Tuesday, 15 February 2011
The Whispers - It's A Love Thing (1981/ No. 9/ 11 weeks/ Solar)
http://www.youtube.com/watch?v=M_UWPNWQ4Pg
It starts with an impressively resonant Moog;
BWOWW! WOWW! WOWW!
Wa wa wa wung-wung!
Wa wa wung-wung-wung wung!
Wa wa wa wung-wung!
That sounded fun! Yes, I thought that you'd enjoy that. Let's just play it once more, so you remember it correctly;
BWOWW! WOWW! WOWW!
Wa wa wa wung-wung!
Wa wa wung-wung-wung wung!
Wa wa wa wung-wung!
I think that a bit of bass guitar would fit in nicely now, too;
bunk a bunk -
bunk a bunk bunk!
This is great! I'm already up on my feet and am going to enjoy wherever you takes me for the next five minutes, Whispers.
Oooh look! The Whispers didn't only have the one hit in 'And The Beat Goes On'... They'd actually been around forever, as far back as 1964, and I'm surprised to learn that they'd regularly been having US R&B hits since 1970 - a million years before disco in pop terms.
You can tell that they had serious soul chops when you listen to this, though. Its classic disco, but they were certainly extremely skilled at presenting a range of vocals, building up a pop structure, creating a clever and joyous arrangement, and other happy and hard-won aspects of their craft.
This is not a terribly sophisticated or nuanced song in itself, reiterating many times that a love thing is being experienced (yeah!), a more exciting and truthful sensation than has been known before whenever you're near, etc. What gives it it's revelatory force is in the nuanced and variant forms of joy expressed in the voices of the two lead singers. The first is quite nasal and fun to impersonate as you sing along;
The lewwk in your eyeze
Iz more than enurrgth
To make my poor heart
Burst into flame...
Knew from the mo-ment we met
That there was no douwbt
That my life would nevur be the sayme...
Enter the second Whisper, who has a smooth and soaring falsetto, very much like Maurice White of Earth, Wind & Fire.
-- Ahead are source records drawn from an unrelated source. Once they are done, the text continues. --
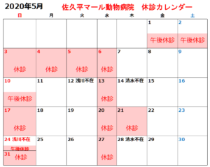 5月の休診日および、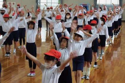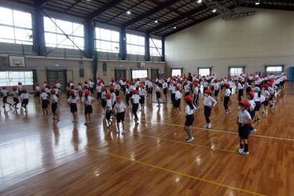 運動会の練習は、体育館でも。元気の子どもたちの声やリズムにのって踏み鳴らす足音が体育館中に響きます。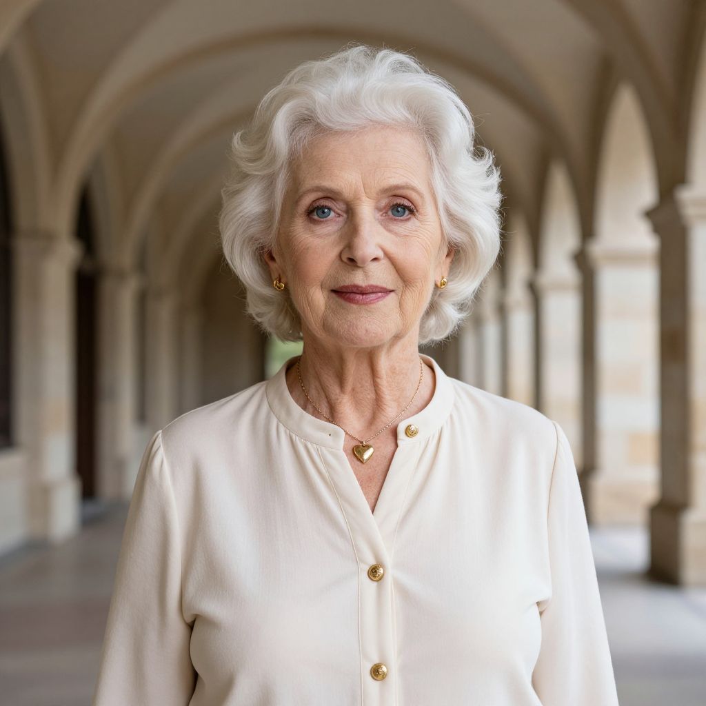 Elderly woman with striking blue eyes and voluminous white hair stands gracefully in an arched stone corridor, adorned in a cream-colored blouse with gold buttons and a delicate necklace featuring a heart-shaped pendant.

He's so (understandably) ecstatic to tell us all about this love thing he's feeling, that his words seem to run together
Icouldneverhidethefeelingsthatcome -
O-ver me!
Whenyou'renearmeIknowthat'showit's -
Su-posed to be!
My heart keeps telling mee!
Both voices together - and some other Whispers to boot - then tell us that that "It's a love thing! Yeah!"
I think that the trick of this record, like a lot of great club music of 30 years ago, is that it sounds quite simple and unadorned, ideal for the radio, but once you start listening, you realise that its jam-packed full of good things, continually shifting around, showing you new sides of itself. As in the brief swirls of strings, or buildups of brass, that seem to only be around for a bar then drop right down in the mix, each providing a new patch of shade or light to help the listener appreciate the whole picture.
The best way to pick up everything that's going on here is to dance to it, naturally. Then whenever a new idea comes in you have to adapt your moves to acknowledge it, and add a new shimmy or turn. I note that I always do handclaps to this, which change from being pairs to coming in threes by the end of it.
Wouldn't it be dandy to actually feel a Love Thing (Yeah!) that was as invariably and effectively happymaking as the record is?